Post
Topic
Board Altcoin Discussion
Re: Dash: The Future Internet Of Money?
by
volyova
on 14/04/2016, 22:18:17 UTC
The 45% to masternodes is very profitable at the mo, a bit over 10% a year and the outlay is about $5 a month for a mediocre VPS but hardware requirements will go up significantly with third tier services. The potential capacity of the second tier is huge, thousands of transactions a second in its current state and an easy path to tens of thousands and on top of that it has to handle online wallets, the distributed API, storage and plenty more as time goes on. It won't be a free ride, the returns are extremely profitable at the mo but it'll need top end hardware if/when it needs full capacity.

That should take a while though, for now it's getting a lot of interest as a means of funding third party services. One of the fiat gateway providers is using it to provide free and zero charge fiat debit cards, there's a few gaming sites planning on using the same funding model, it's getting a lot of ideas along those lines. The 10% into development is a no-brainer, that's getting people on board too quickly to keep track of and v2 of the budget system can't come quickly enough, it's getting out of hand Smiley That should be out with v0.12.1 in a few months and some of the features should be available to regular users.

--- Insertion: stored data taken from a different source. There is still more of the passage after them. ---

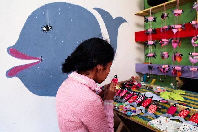 Créée en 2009, l’association l’Envers du Monde intervient depuis 2009 à Madagascar et depuis 2010 au Burkina Faso. L’association a impulsé à Antananarivo et en zone non lotie de Ouagadougou deux ateliers de production artisanale en vue de favoriser l’autonomie et l’insertion socio professionnelle de femmes en situation de très grande pauvreté exclues de tout processus classique d’insertion. Les femmes les plus pauvres sont formées, suivies et soutenues par les associations locales impulsées par l’Envers du Monde. Elles réalisent des produits originaux selon les modèles créés par l’Envers du Monde, principalement à base de matériaux recyclés, ce qui leur permet de développer un savoir-faire, de retrouver confiance, d’augmenter leurs maigres revenus, de bénéficier d’un suivi social puis de développer un projet professionnel à plus long terme. L’Envers du Monde finance des investissements (construction de l’atelier au Burkina Faso, électrification solaire et équipement) apporte son appui pour la création des modèles d’objets, la structuration des associations locales partenaires (formation, gestion, organisation, développement des outils de suivi social…) mais aussi pour la promotion et la commercialisation des produits localement et en Europe.
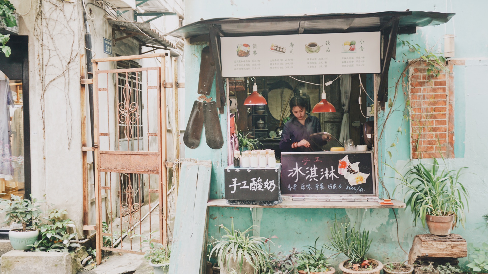 这里的店铺五花八门,左手边是一家贴满便利贴的烤吐司店,右边却传来尤克里里的演奏声,再往前走,姜母鸭牌匾下的围裙小哥正要抬手招呼你,而那边转弯处卖明信片的店里,不断又有女孩子笑闹着结伴而归。
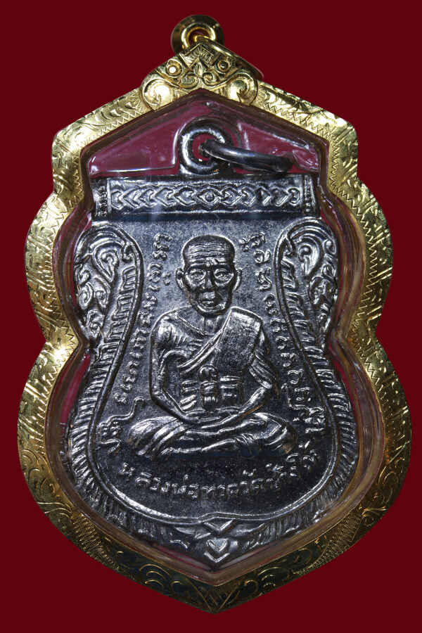 วัดใจเหรียญหลวงปู่ทวด วัดช้างไห้ พิมพ์พุฒซ้อน เนื้ออัลปาก้า ปี09 เลี่ยมทอง |
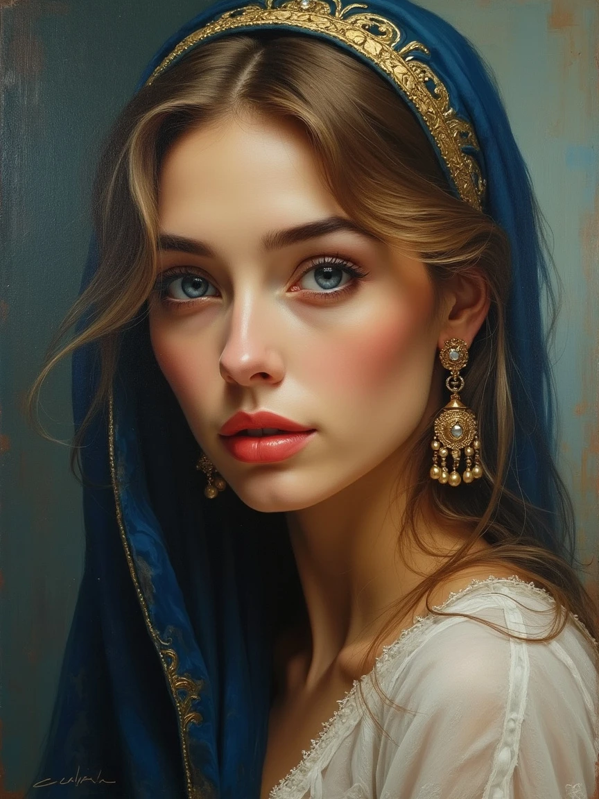 Portrait of a woman by Magali Villeneuve, a beauty woman in middle east , oil painting style
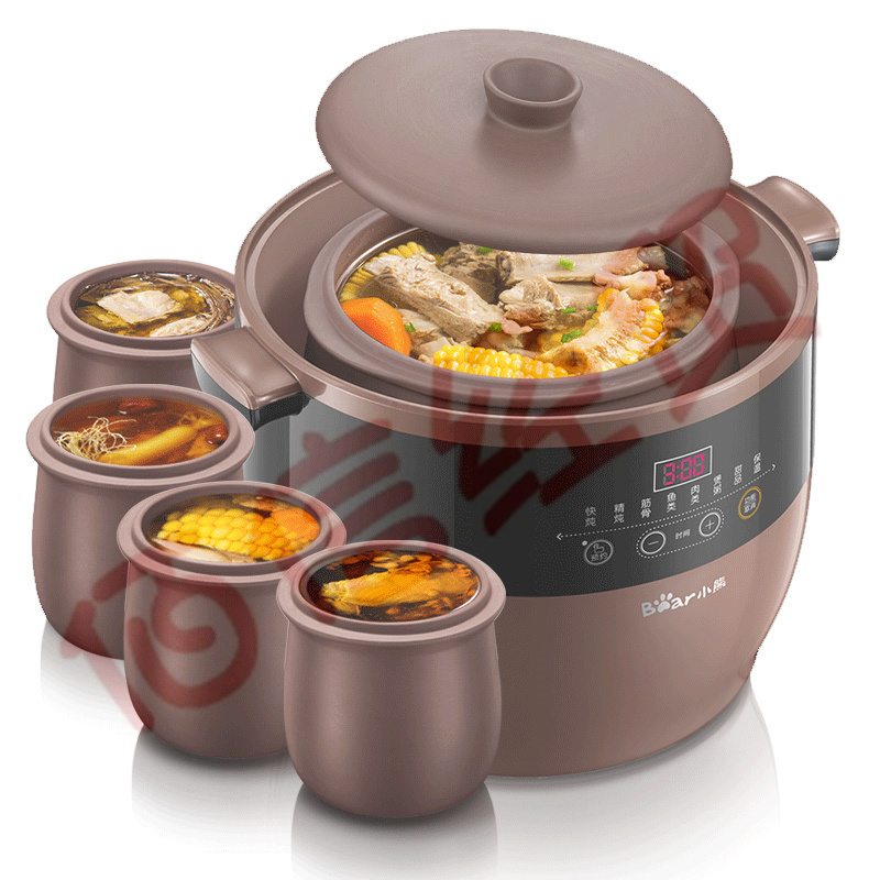 小熊(Bear) 電燉鍋 電燉盅 煲湯鍋 紫砂鍋 燉湯鍋 隔水燉盅煮粥陶瓷電砂鍋燕窩熬粥上蒸下燉 【4.5L大容量】一盅五膽 DDZ-B45Z1 自營
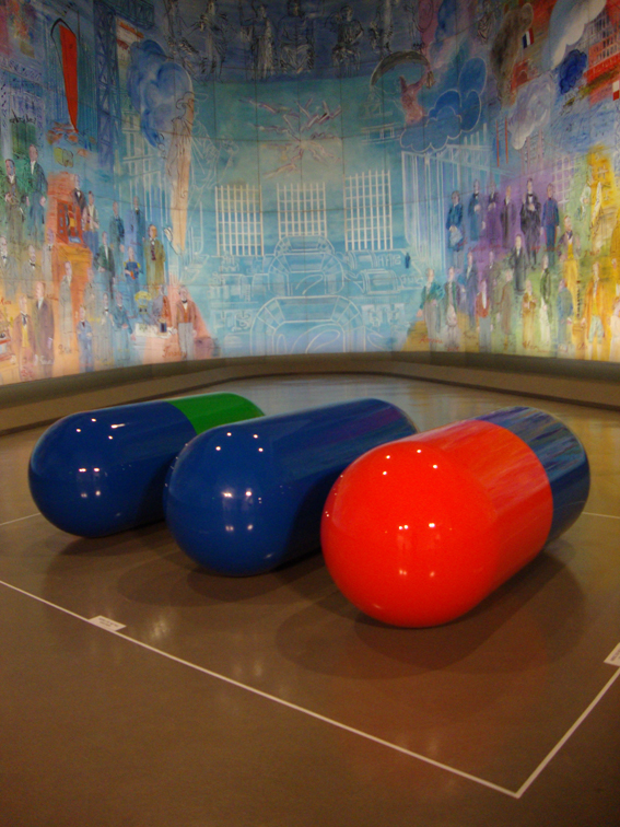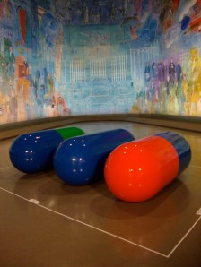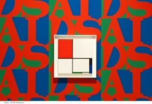 Le problème du Sida a complètement occupé General Idea à partir de 1987, puisque la maladie a concrètement affecté le collectif, en prenant la vie de deux des trois membres en 1994. Leur œuvre « AIDS » est inspirée de celle très célèbre, et déjà déclinée en nombreux dérivés commerciaux, « LOVE » de l’artiste américain Robert Indiana. Le motif AIDS est reproduit sur un papier peint, qui est un leitmotiv pendant tout le parcours. Initialement rouge bleu et vert, il vient infecter les œuvres d’autres artistes célèbres comme Marcel Duchamp, Piet Mondrian ou encore Gerrit Rietveld. La prolifération sur les murs ou au sol des gélules Pla©ebos aux couleur identiques exprime aussi l’inquiétude doucement ironique des artistes face à la maladie, comme un pied de nez à la mort, avec in fine la mise à distance/mise en abîme de la sphère des médias et de l’information – ou plutôt ici de la désinformation…
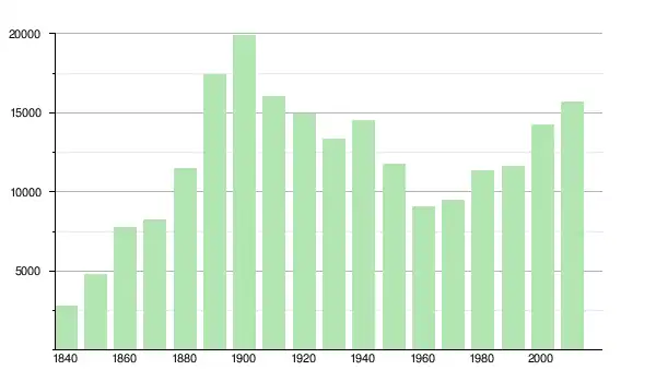 | 1950 | 11 734 | ▼ −19,25 % | |
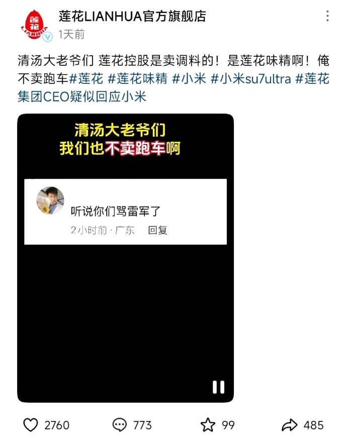 無辜“躺槍”!蓮花味精因小米汽車被
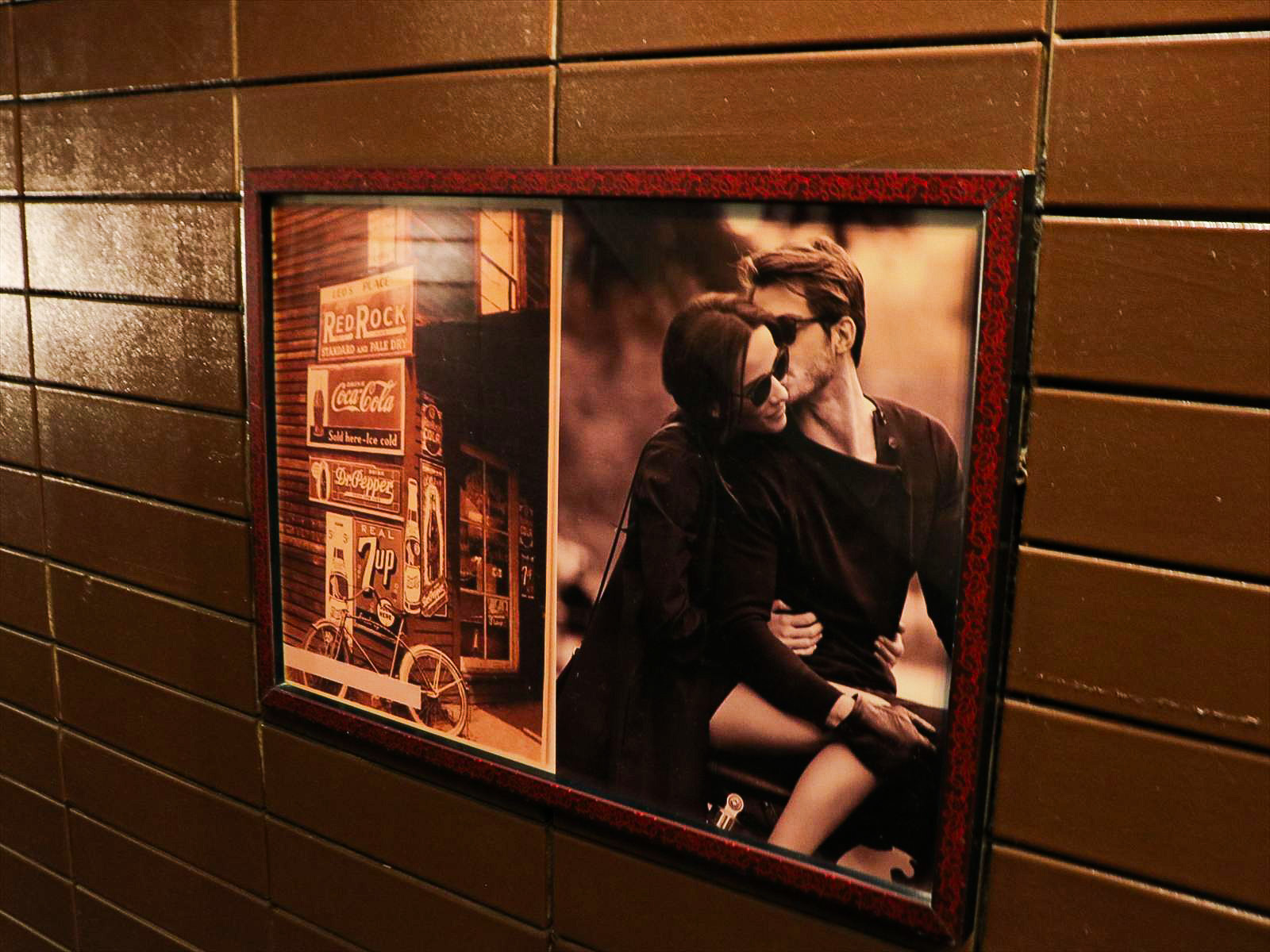 『cafe&dining LOTUS(ロータス)』は地下1階にあるのですが、階段を降りていくとストリートアートの看板が目を惹きます。所々に80年代のアメリカを彷彿とさせるブロマイドが飾ってあり、目で楽しめる要素がたくさんあります。
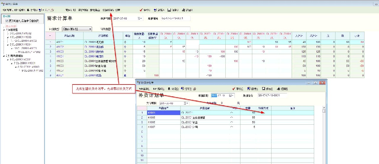 例如我上面例子,客户下了CL-20901产品100套,需求分析单,只能算出需求补100套产品,需不能计算出要补多少原材料和配件。
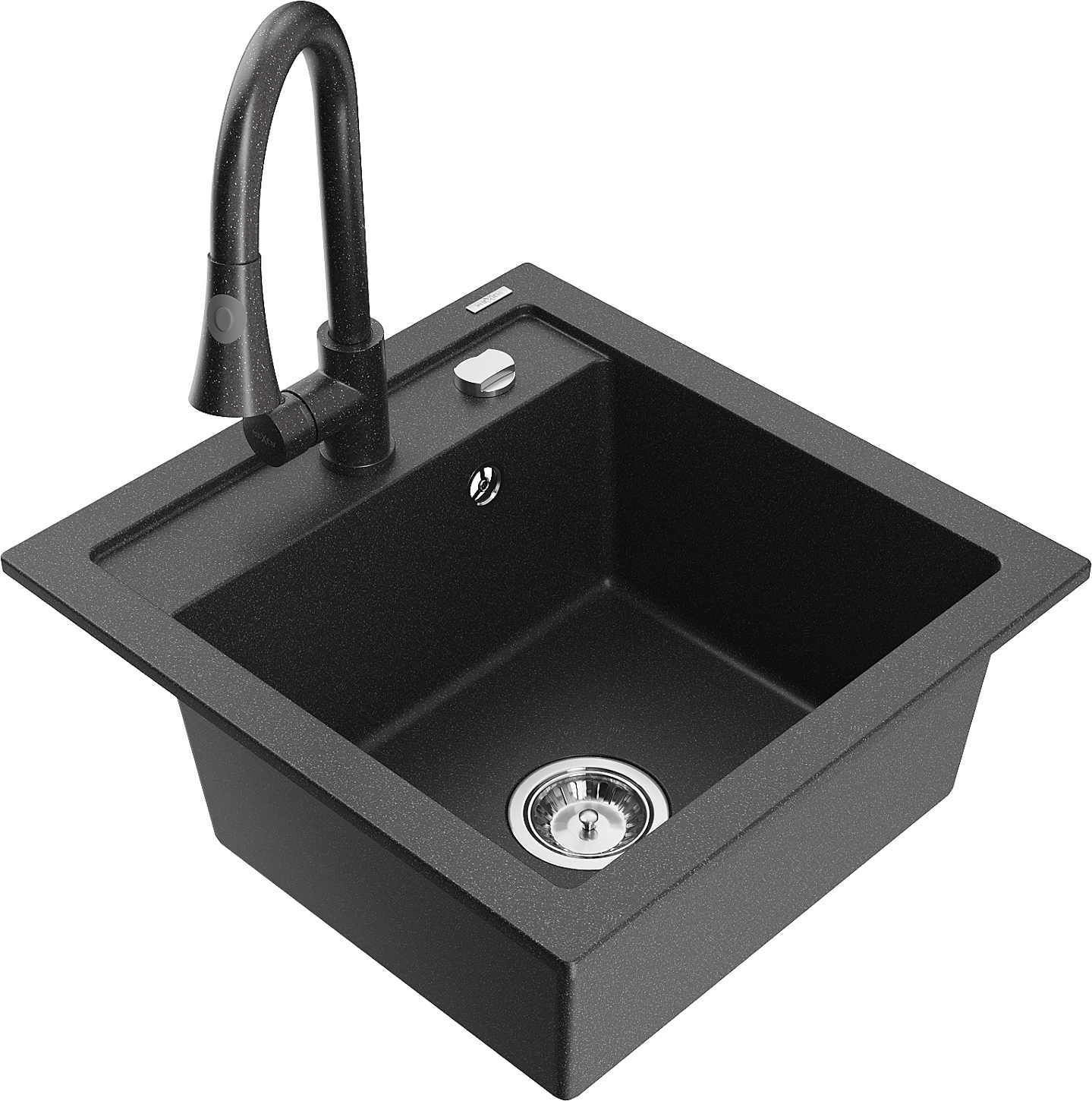 Mexen Vito granitový dřez 1-komorový s kuchyňskou baterií Elia, černý kropenatý - 6503-76-670101-76
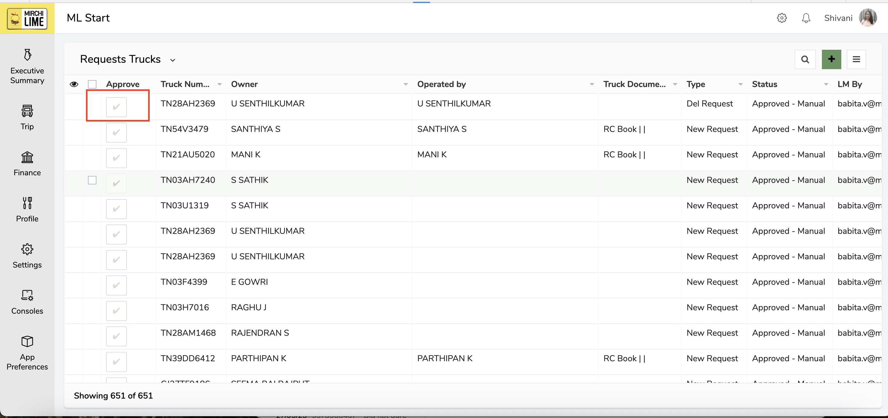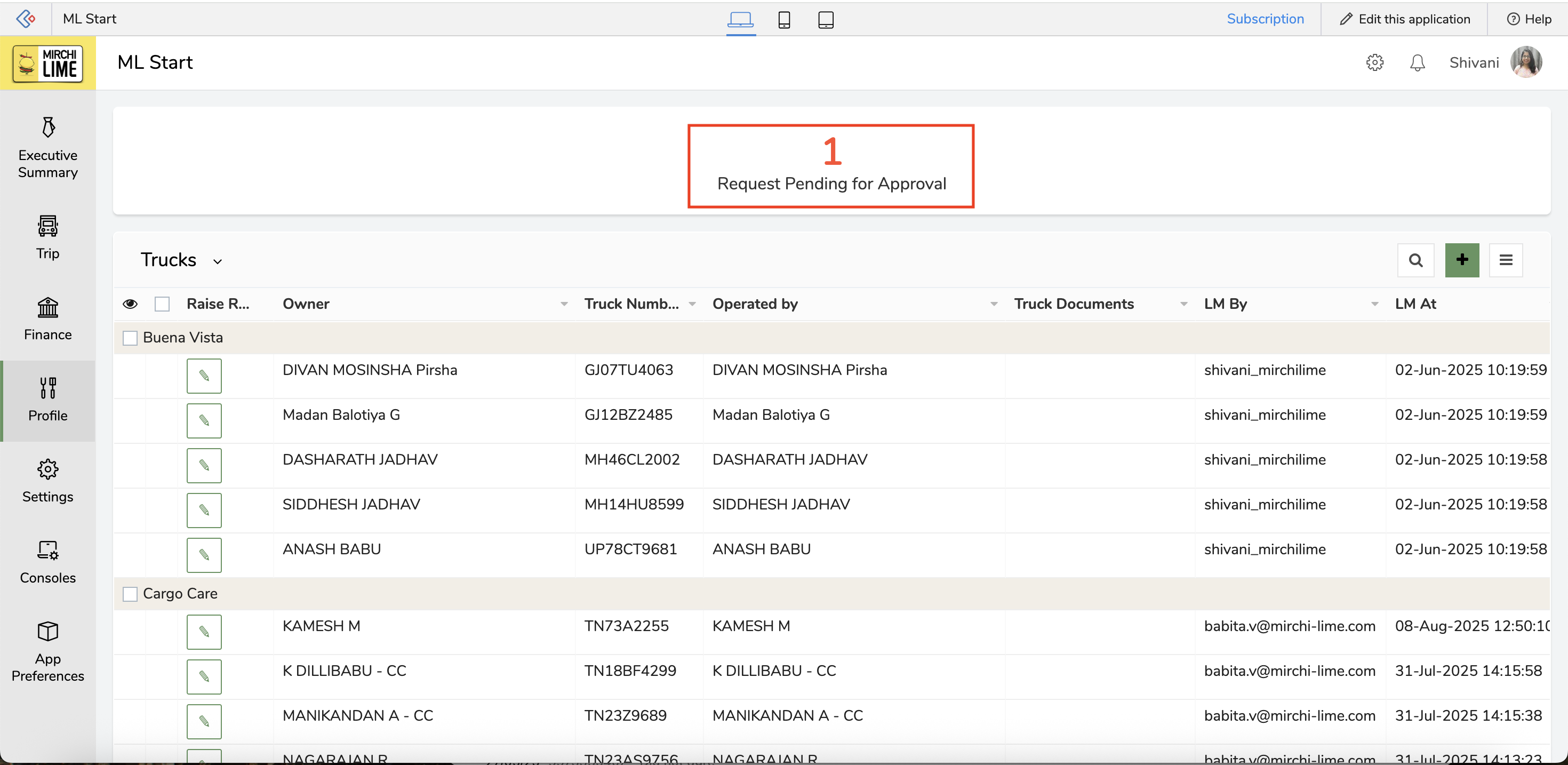 Go to Profile → Trucks → Requests Pending for Approval.
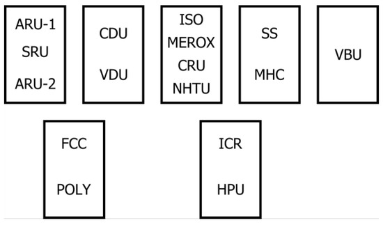 Basic refinery layout showing the 16 process units and the seven distinct process areas. ARU: amine recovery; SRU: sulphur recovery (including the TGTU: Tall Gas Treatment Unit); CDU: crude distillation; VDU: vacuum distillation; ISO: isomerization; MEROX: mercaptan oxidation; CRU: catalytic cracking reforming; NHTU: naphtha hydrotreating; SS: Synsat; MHC: mild hydro cracker; VBU: Visbreaker; FCC: fluid catalytic cracker; POLY: polymerisation; ICR: hydrocracking; HPU: hydrogen production.

So what you are saying is that the masternodes are (and more importantly have been for the last year or more) a redistribution scheme that further concentrates coins with instaminers and early adopters, since their costs have been negligible. Later, possibly, costs will be higher and no one else will ever have the same opportunity.

Thank you for confirming that.

I got nothin'.
Crypto was meant to be fair. Dash is unfair to new investors. How can this last, nevermind scale?